D’une part, il apparaît fort dommage que dans un ouvrage sur le nationalisme en Asie, un pays aussi paradigmatique que la Corée — les Corée(s) — soit totalement absent. Vieille nation unitaire, divisée à plusieurs reprises, espace-pont entre la Chine et le Japon, tour à tour sous la domination directe ou indirecte de l’une et de l’autre, l’un des points les plus chauds de la Guerre froide, petit tigre de l’Asie développée, exemple réussi de transition démocratique... la Corée rassemble tous les éléments d’un parcours politique où l’écheveau des théories du nationalisme aurait particulièrement trouvé matière à débat pour établir qui du « primordialisme », du « pérennialisme », du « modernisme » ou de l’« ethno-symbolisme » se chargeait de la plus grande pertinence. Les études sur la nation et le nationalisme coréens sont d’ailleurs assez anciennes((5) et continuent de solliciter l’attention des chercheurs((6).
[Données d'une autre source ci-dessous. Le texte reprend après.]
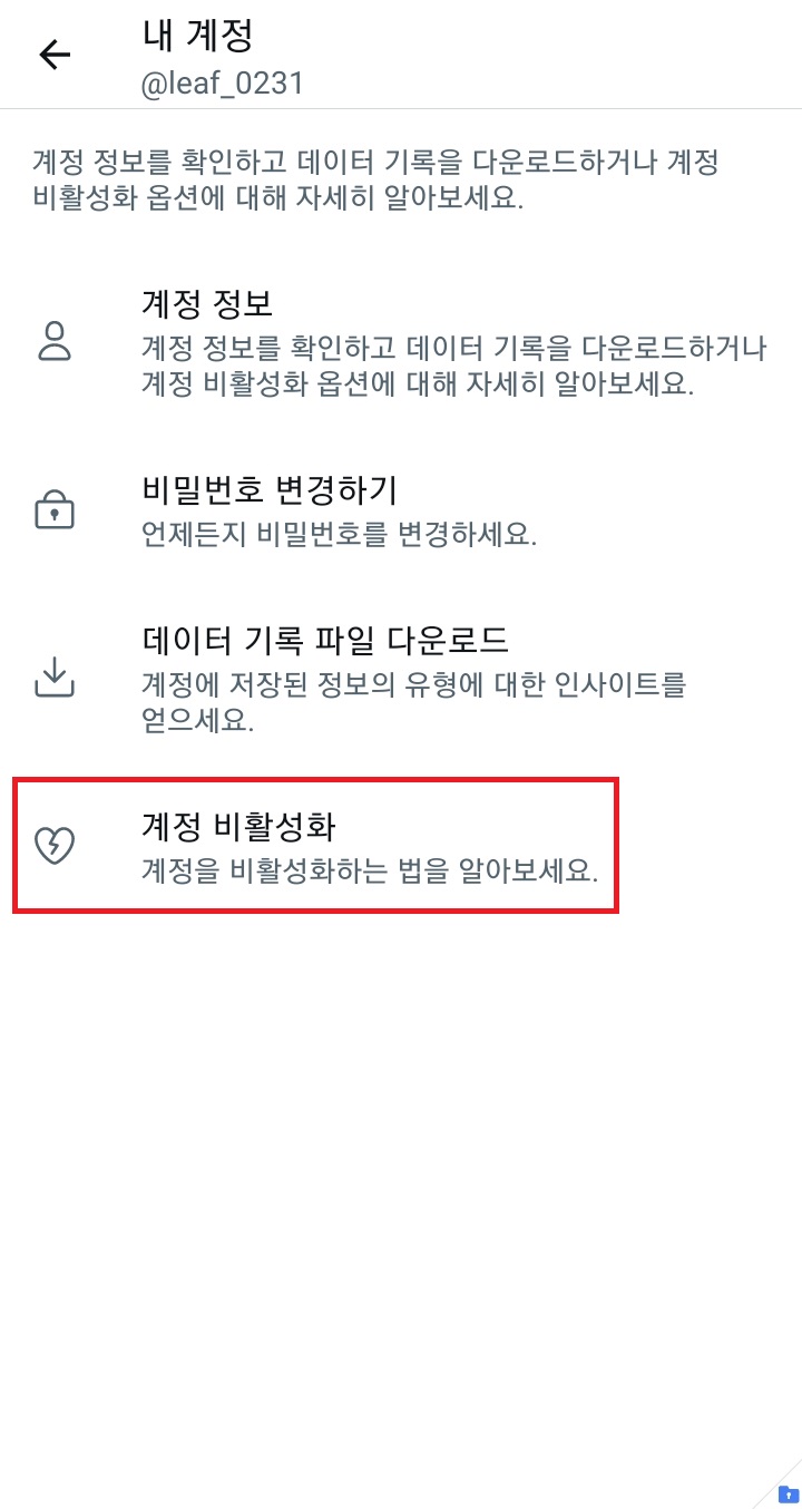 트위터 계정 비활성화 방법 - 모바일

Cela étant, nous sommes tout à fait conscient qu’un spécialiste de l’Asie du sud ou du sud-est trouverait de même regrettable que des pays comme le Sri Lanka et le Cambodge soient également exclus de cette collection d’interventions.

D’autre part, sans que l’on puisse imputer ce manquement exclusivement au caractère « collectif » de l’ensemble, ce livre ne parvient pas vraiment à faire œuvre de comparatisme, s’agissant « du nationalisme en Asie », et se contente en définitive de juxtaposer « des nationalismes d’Asie ». La préface de Michael Leifer ne couvre malheureusement qu’une page et l’ultime chapitre de James Mayall est également trop court pour discuter les questions soulevées par les différentes monographies : seuls les défis que pose la résurgence du nationalisme bénéficient d’une approche proprement transversale. Enfin, une occasion a peut-être été manquée en ne demandant pas à Anthony Smith d’exécuter une synthèse aporétique de toutes les formes de la nation et du nationalisme exposées ici. Pour brillante qu’elle soit, sa présentation introductive reprend plusieurs de ses publications et il est somme toute à déplorer que ses talents de « penseur du nationalisme » n’aient pas été plus sollicités.